I’m a seriously emotional eater, and I know that some part of me is terrified of letting that go – how will I deal with stress if I don’t eat (or drink)?  I mean, I know the answer INTELLECTUALLY, but on a gut level, I really can’t conceive of dealing with stress any other way.  Food and stress have always been wrapped together for me: whether starving or bingeing or drinking, it’s how I have always dealt with life.  And I’m not sure how I’ll deal with life if I change.  I mean, I know I WILL deal with it, and at some point the way that I deal with it will seem as easy as eating does now, but from this vantage point I can’t see it.  Does that make sense?

So this weekend I had to take a really good look at what I CAN control.  When I can’t exercise, I can control my food intake.  When my stomach is upset, I can eat Chinese soup (with garlic and ginger and bok choy) instead of noodles and butter.  When I’m exhausted and only feel like eating sugar because my body needs something to run on (and it hasn’t gotten any sleep), I can drink a glass of chocolate soy milk instead of that enormous Starbucks mocha. 

There are always small things I can do better, and I think at this point, that might BE the point.  Even if the small things seem TOO small, I think the point might be to send my psyche the message that I’m not stopping.  This is for real.  This is permanent.  I am changing and I will not be dissuaded, migraines be damned. 

But *cue the whining* I just wish it didn’t have to be so haaaaaard.  And I really wish it didn’t entail this Battle to the Death that seems to be going on.  (And I really, REALLY wish that said Battle didn’t feel the need to sacrifice my left eyeball for the cause.  I think I wish that most of all.)

A Question of Motivation and Rewards

So, here’s the thing.  I read a lot of stuff that talks about rewarding yourself for challenges met and goals accomplished.  WW was big on that stuff, too.  And there seems to be a general consensus that you should not reward yourself with food, which, ok, I understand.  It sort of defeats the purpose of exercising (for weight loss, anyway) if you follow a 400-calorie burning exercise with a 2,000-calorie “reward” milkshake.  I get it. 

(Note: I don’t frankly think it defeats the whole purpose of exercise, though.  You’ll get the benefit of the exercise from a health standpoint whether or not you drink that milkshake afterward.  Drinking a milkshake does not cancel out the exercise.)
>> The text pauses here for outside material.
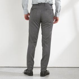 スーツやパンツのサイズ確認は、直立姿勢だけではなく、椅子に座った時の負荷。しゃがんだ時の負荷を考えたサイズ選びを必ずお願いします。ヒップ・太もも部分の生地にゆとりがない場合等の無理なサイズ選びは、体型や動きに関係なく生地や糸に負荷がかかり、「縫い目のほつれ」「生地の破れ」が起こります。また、両太もも同士が当たる場合や生地にゆとりがない場合、股ズレで生地が破れる可能性がございます。実店舗での商品確認・試着にて正しいサイズの購入をお勧めいたします。サイズが合わない事による「縫い目のほつれ」「生地の破れ」は「返品」「交換」「無償修理」はいたしかねます。また商品状態により修理が出来ない場合もございます。

(I also have issues with the idea of thinking of food as something you have to “earn,” but that’s a post for a different day.  Probably a day when I’m feeling particularly ranty and cranky.)

(Ok, I’m coming back from my tangent, now.  I swear.  Whew!  That was close!)
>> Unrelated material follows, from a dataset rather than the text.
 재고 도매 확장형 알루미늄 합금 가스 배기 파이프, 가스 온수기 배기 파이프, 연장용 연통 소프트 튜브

And (back to “food as reward”) I also understand the idea that if you’re a binge eater or a compulsive overeater, or hell, just someone who eats when feeling ANY uncomfortable emotion, that it might not be such a good idea to encourage the mental patterns that are already part of a dysfunctional relationship with food by rewarding yourself with more food.

But.  (Oh, you knew there was a “but” coming, didn’t you?)

I’ve been working on the Beck stuff (again, and still), and I’m working on setting small goals: 5 pounds at a time.  (That seems simultaneously like a HUGE number and an number that’s WAY too small.  Weird, I know.)  I’m supposed to be thinking of things I can reward myself with, but honestly I’m having a hard time coming up wth anything that I’m really interested in, other than – you guessed it – the occasional bowl of pasta for dinner.  I don’t wear a lot of jewelry, and I’m not going to drop a bunch of money every time I lose 5 pounds.  (Maybe 10 or 15, but 5? Not so much.) 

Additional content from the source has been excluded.